Writing again to Dayton in late 1799, Hamilton railed against two “foreign” newspaper editors, the Irish-born John D. Burk and the Scottish-born James T. Callender. Hamilton’s fury derived from his frustration that they were not being deported or prosecuted for the anti-Federalist contents of their papers:

“Renegade Aliens conduct more than one of the most incendiary presses in the UStates—and yet in open contempt and defiance of the laws they are permitted to continue their destructive labours. Why are they not sent away? Are laws of this kind passed merely to excite odium and remain a dead letter?”
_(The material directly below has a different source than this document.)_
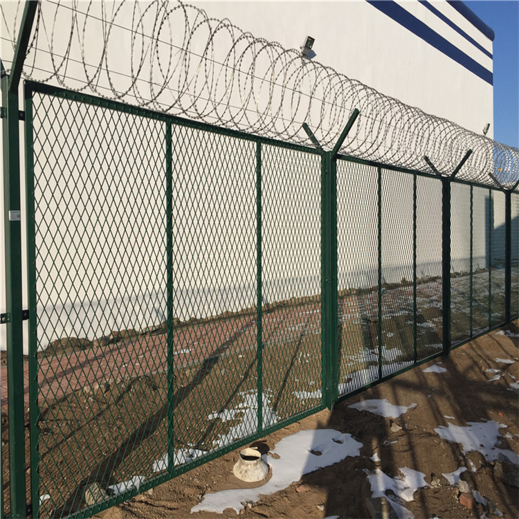 監(jiān)獄隔離網(wǎng)墻又稱監(jiān)獄隔離柵或監(jiān)獄防護(hù)網(wǎng),主要是采用高強(qiáng)度的刀片刺網(wǎng)與普通防護(hù)網(wǎng)的結(jié)合,由V型支架立拄,加強(qiáng)型焊接片網(wǎng),安全防盜連接件和刀片刺網(wǎng)組成.刀片刺網(wǎng)是一種新型防護(hù)網(wǎng),由銳利尖角鍍鋅鋼板或不銹鋼薄板做刀片,鋼絲做芯線組合而成的防護(hù)器材。

When the legislatures of Virginia and Kentucky passed resolutions condemning these measures as a violation of the constitutional protection for free speech, Hamilton called upon Congress to issue a “report exhibiting with great luminousness and particularity the reasons which support the constitutionality and expediency of those laws.” The Virginia and Kentucky Resolutions, he responded, were a “regular conspiracy to overturn the government,” their intention being “to encourage a hostile foreign power to decline accommodation and proceed in hostility.”

Hamilton reserved a particularly aggressive form of antipathy for one of his successors at the Treasury Department, the Swiss-born Albert Gallatin. His dislike for Gallatin dated to at least the Whiskey Rebellion of 1793, and devolved into outright foreigner-bashing by the end of the decade. In an 1802 political editorial, Hamilton took to raving in conspiratorial fashion about Gallatin’s influence on Thomas Jefferson’s cabinet:

“Who rules the councils of our own ill-fated, unhappy country? And who stimulates persecution on the heads of its citizens, for daring to maintan an opinion, and for exercising the rights of suffrage? A foreigner!”

The same article decried Jefferson’s efforts to repeal the Naturalization Act on the grounds that doing so would flood the country with “foreigners.” Hamilton blasted the extension of citizenship rights to immigrants because he believed that doing so would allow them to “get too early footing in a country.” Jefferson, he strongly insinuated, even owed his election in 1800 to too many “foreigners” being granted easy access to the ballot box.

A severe case of cognitive dissonance accompanied these and other anti-immigrant pronouncements by Hamilton, particularly given his own background. While Gallatin’s Swiss birth was a frequent obsession, he similarly railed against immigrants who came from within the British empire much like himself. The Irish-born anti-federalist congressman William Findley was another of his favorite targets for foreigner-bashing – even though Findley immigrated to the United States in 1762, a decade before Hamilton himself.

Others pointed out Hamilton’s hypocrisy in his own time, yet strangely his historical interpreters mostly give him a pass where immigration is concerned. Hamilton’s turn to xenophobia is as much a part of him as his protectionism, his debt consolidation program, his coauthorship of the Federalist Papers, and his role in drafting the Constitution itself. Obscuring this unpleasant fact, or dressing it up – literally – in song and dance routines that project the appearance of an enlightened pro-immigration immigrant, subjects his biography to an unsupported and fundamentally untruthful claim. In the meantime, it remains difficult to reconcile the “immigrant legend” of Hamilton’s popular reputation and acclaim with the reality of his deep personal hostility toward foreigners at the maturity of his political life.